So Akonadi is already a “cache” for your PIM-data, and now we’re trying hard to feed all that data into a second “cache” called Nepomuk, just for some searching? We clearly must be crazy.
The process of keeping these to caches in sync is not entirely trivial, storing the data in Nepomuk is rather expensive, and obviously we’re duplicating all data. Rest assured we have our reasons though.
- Akonadi handles the payload of items stored in it transparently, meaning it has no idea what it is actually caching (apart from some hints such as mimetypes). While that is a very good design decision (great flexibility), it has the drawback that we can’t really search for anything inside the payload (because we don’t know what we’re searching through, where to look, etc)
- The solution to the searching problem is of course building an index, which is a cache of all data optimized for searching. It essentially structures the data in a way that content->item lookups become fast (while normal usage does this the other way round).
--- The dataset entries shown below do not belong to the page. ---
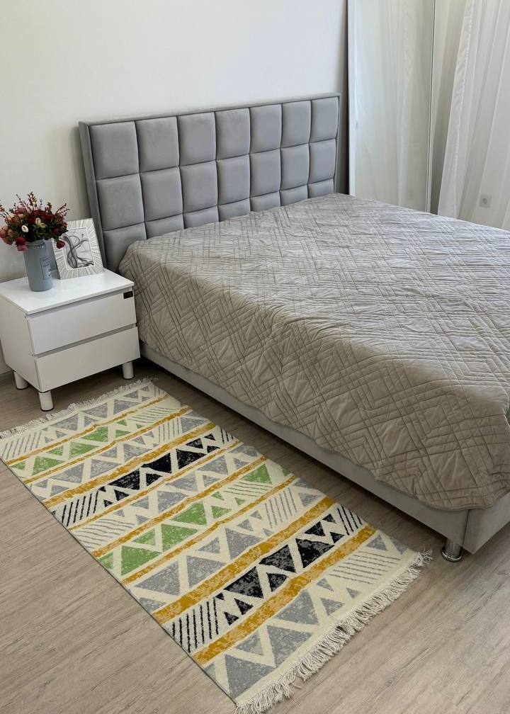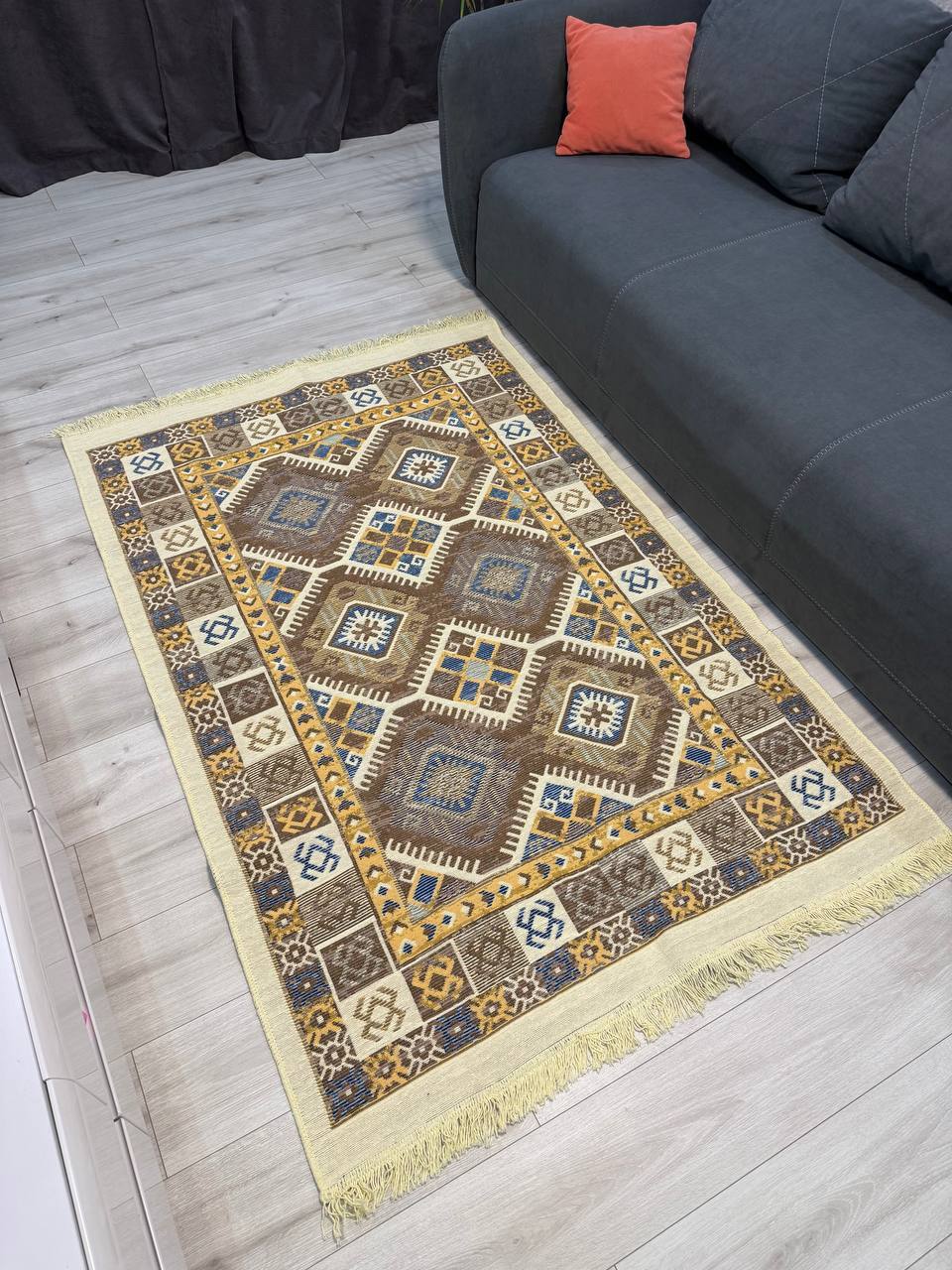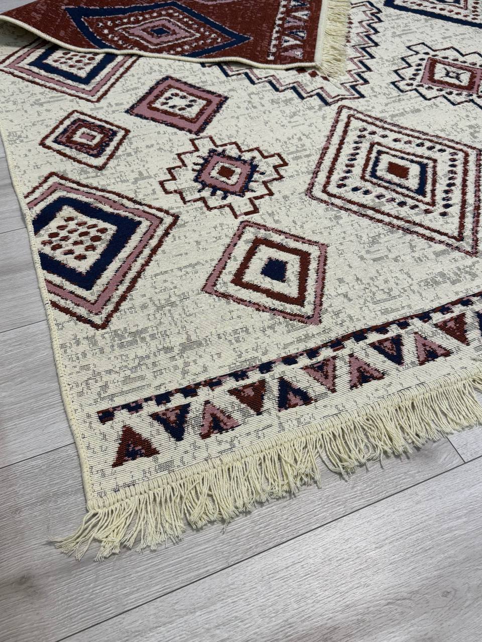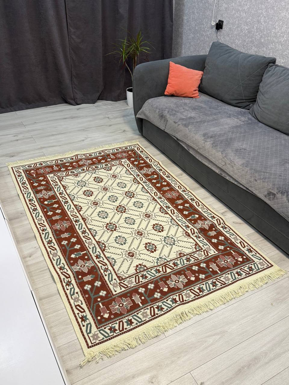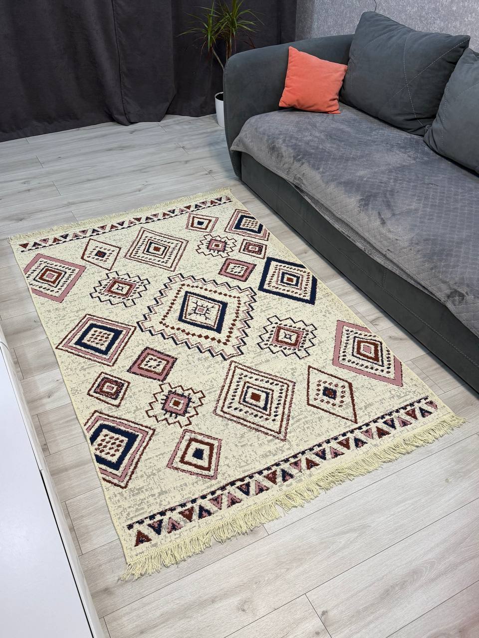 Килим виготовлений з цупкої бавовняної нитки, за рахунок якої не пропускає холод. Має чіткий візерунок, як на фото, дуже гарні узори, які якісно прошиті. Не хвилюйтесь, що килим має світлий колір - його можна без проблем прати в машинці
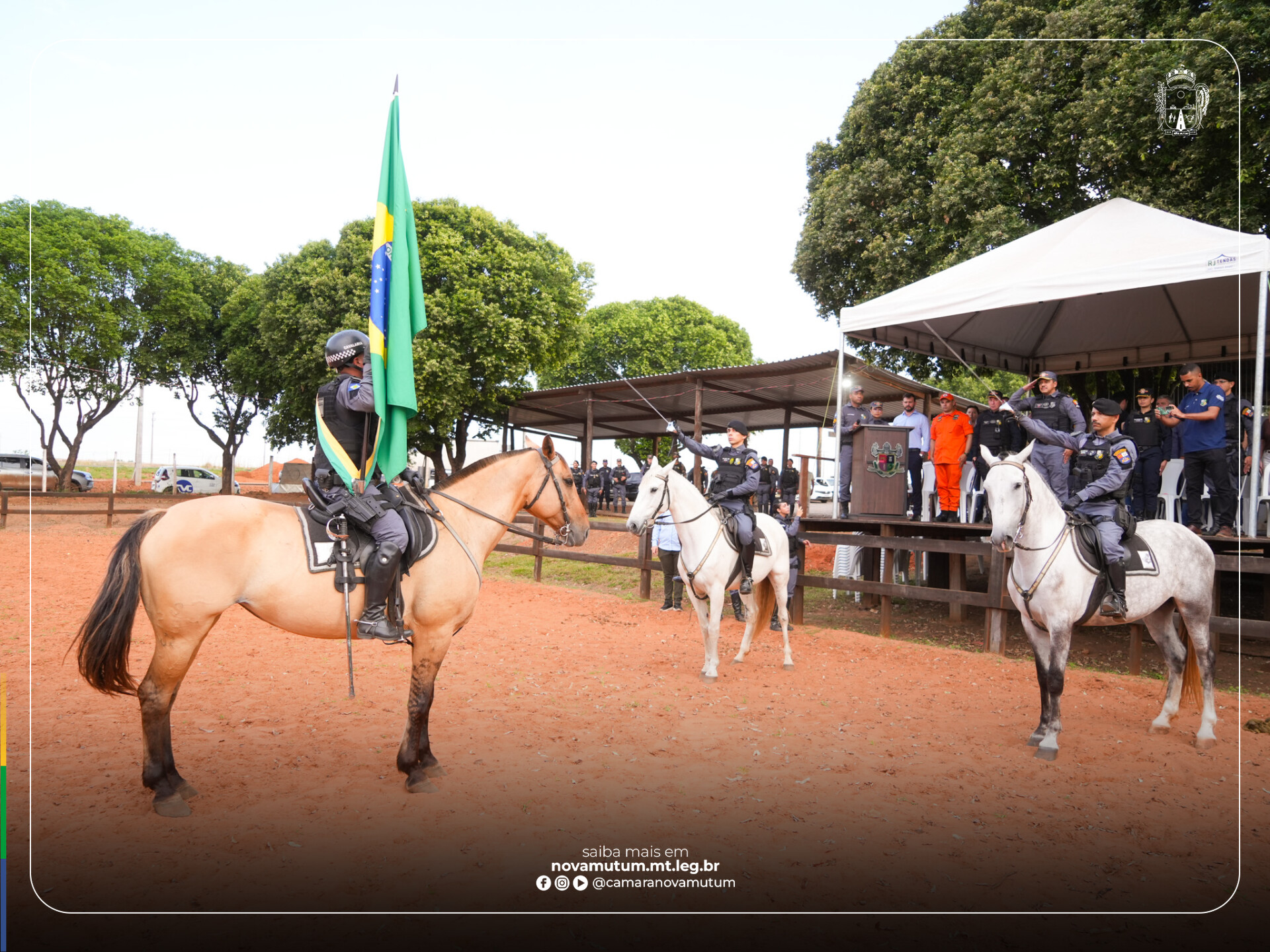A Câmara Municipal de Nova Mutum participou, na quarta-feira (22), da solenidade de passagem de comando do 1º Esquadrão Independente de Policiamento Montado, realizada na sede da unidade local da Polícia Militar. O evento reuniu diversas autoridades civis e militares e destacou a importância da integração entre instituições para o fortalecimento da segurança pública e da convivência social no município.
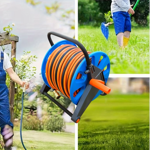 A praktikus, gördíthető tömlőcsévélő mindig rendezetten és használatra készen tartja kerti tömlőjét. Könnyű felépítésének és kényelmes hajtókarjának köszönhetően a fel- és letekerés, valamint a hordozás is egyszerű. Akár 50–60 m tömlő is elfér rajta, így ideális kertbe, udvarra és műhelybe. Nincs több csomó és rendetlenség – csak gyors feltekerés, tiszta tárolás és könnyű kezelés.
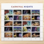 Experience the thrills ofCarnival Nightswith this colorful pane of stamps in 2024.
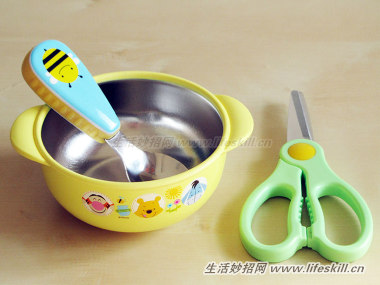 工具:食物剪刀、汤匙和碗。
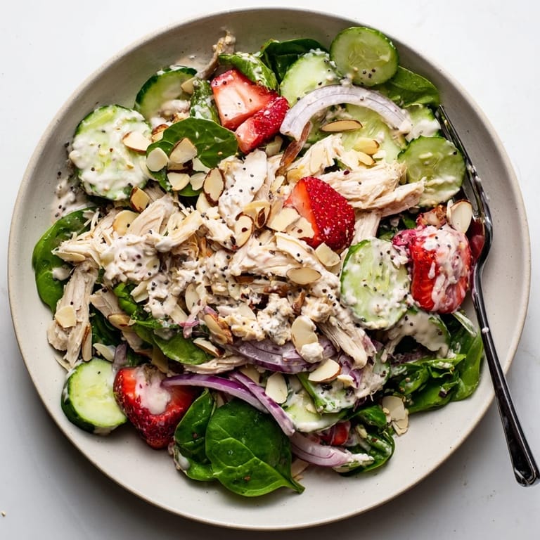 Pin It The first time I made this salad was during a sweltering July afternoon when my air conditioner had died and cooking anything over heat felt like punishment. I found myself craving something substantial but not heavy, something that would make my kitchen feel like a restaurant instead of a sauna. The combination of sweet strawberries and savory chicken felt like a risk at the time, but that first bite convinced me sometimes the most unexpected pairings become the ones you can't live without.
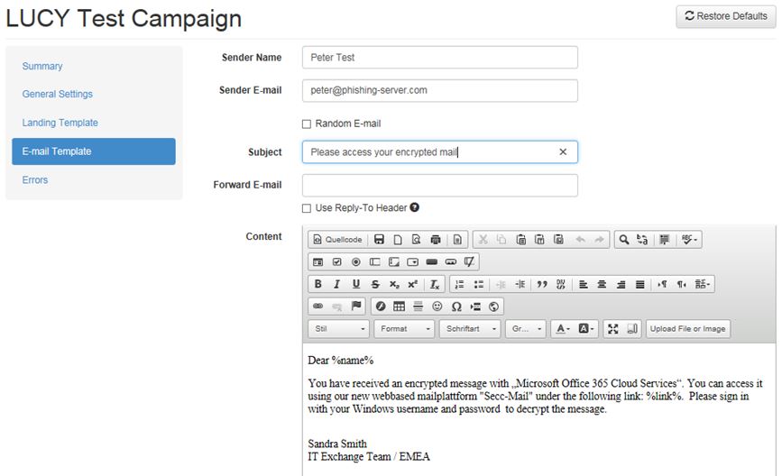 Step 12 - Add E-learning Content to Your Campaign There is the option to have LUCY automatically send some e-learning content to all users or only users who have failed the phishing test. This configuration setting is part of an Separate Chapter (E-learning).
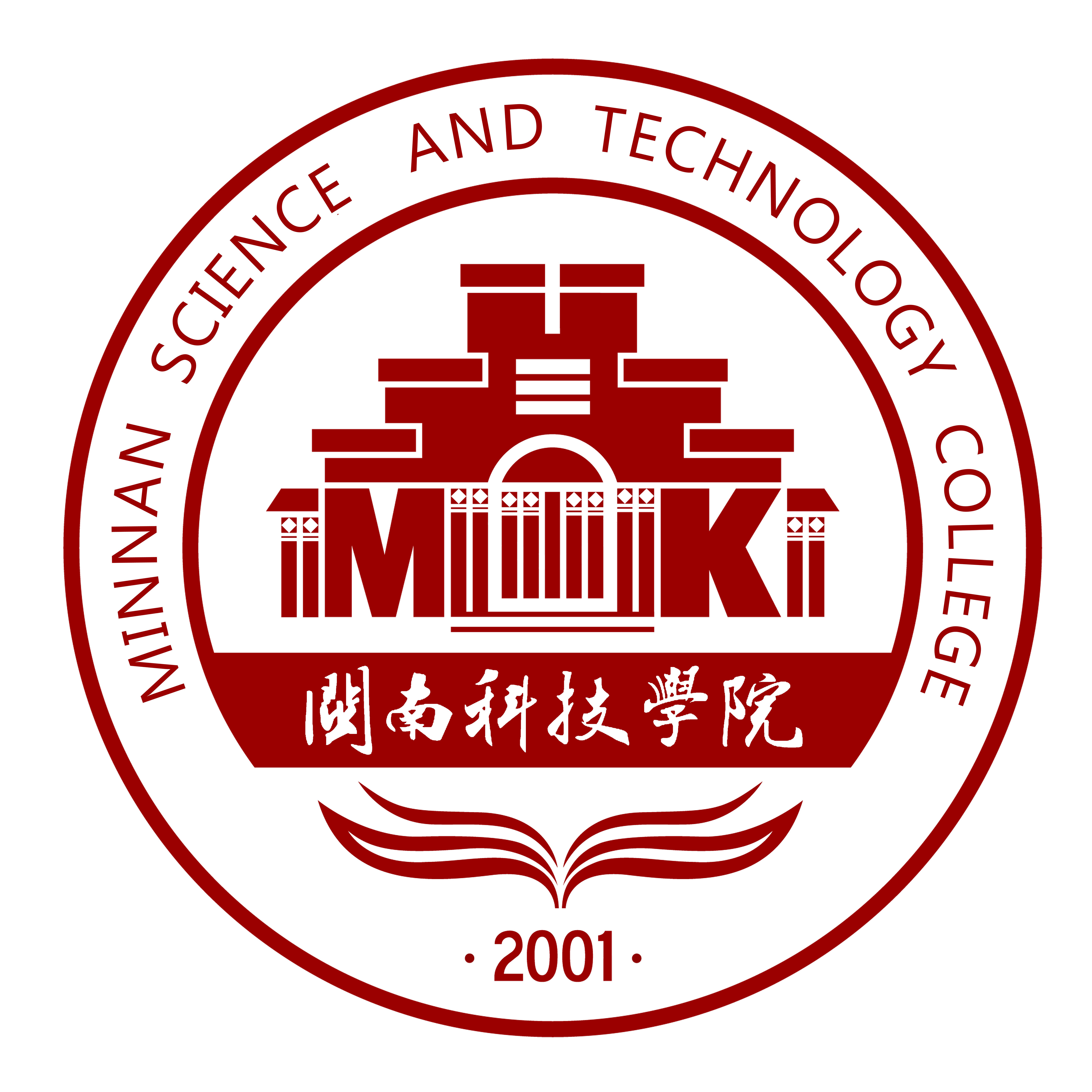 校标整体图案呈圆形,由两个同心圆组成。标志整体形式为圆形,是团结协作和向心力、凝聚力的象征。外环上半部分为开云手机入口英文名称“MINNAN SCIENCE AND TECHNOLOGY COLLEGE”,下半部分为 “2001”,表示开云手机入口本科办学起始的年份。
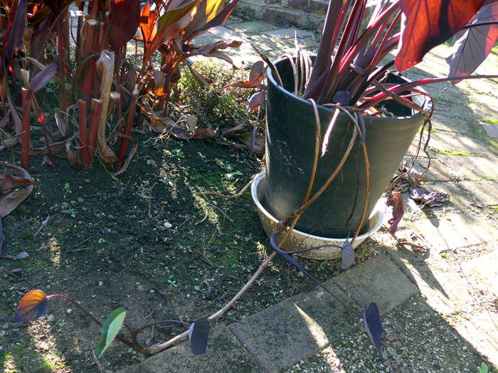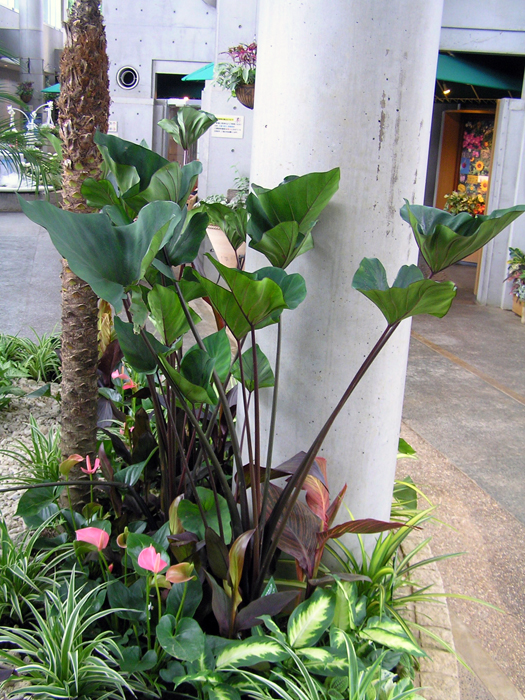 | 特徴 | 鑑賞用の園芸品種。高さは1.8m程度。葉はやや光沢があり、葉柄と葉脈は黒紫色。葉はカップ状にすぼまり、平開しない。 |

So that already means duplicating all your data (more or less), because we’re trading disk-space and memory for searching speed. And Nepomuk is what we’re using as index for that.
Now there would of course be simpler ways to build an index for searching than using Nepomuk, but Nepomuk provides way more opportunities than just a simple, textbased index, allowing us to build awesome features on top of it, while the latter would essentially be a dead end.
To build that cache we’re doing the following:
- analyze all items in Akonadi
- split them up into individual parts such as (for an email example): subject, plaintext content, email addresses, flags
- store that separated data in Nepomuk in a structured way
This results in networks of data stored in Nepomuk:
PersonA [hasEMailAddress] addressA
PersonA [hasEMailAddress] addressB
emailA [hasSender] addressA
emailB [hasSender] addressB
So this “network” relates emails to email-addresses, and email-addresses to contacts, and contacts to actual persons, and suddenly you can ask the system for all emails from a person, no matter which of the person’s email-addresses have been used in the mails. Of course we can add to that IM conversations with the same Person, or documents you exchanged during that conversation, … the possibilities are almost endless.
Based on that information much more powerful interfaces can be written. For instance one could write a communication tool which doesn’t really care anymore which communication channel you’re using and dynamically mixes IM and email depending on whether/where the other person is currently available for a chat or would rather have a mail, which can be read later on, and doing so without splitting the conversation across various mail/chat interfaces.
This is of course just one example of many (neither am I claiming the idea, it’s just a nice example for what is possible).
So that’s basically why we took the difficult route for searching (At least that is why I am working on this).
Now, we’re not quite there yet, but we already start to get the first fruits of our labor;
- KMail can now automatically complete addresses from all emails you have ever received
- Filtering in KMail does fulltext searching, making it a lot easier to find old conversations
- The kpeoples library already uses this data for contacts merging, which will result in a much nicer addressbook
- And of course having the data available in Nepomuk enables other developers to start working with it
I’ll follow up on that post with some more technical background on how the feeders are working and possibly some information on the problematic areas from a client perspective (such as the address auto-completion in KMail).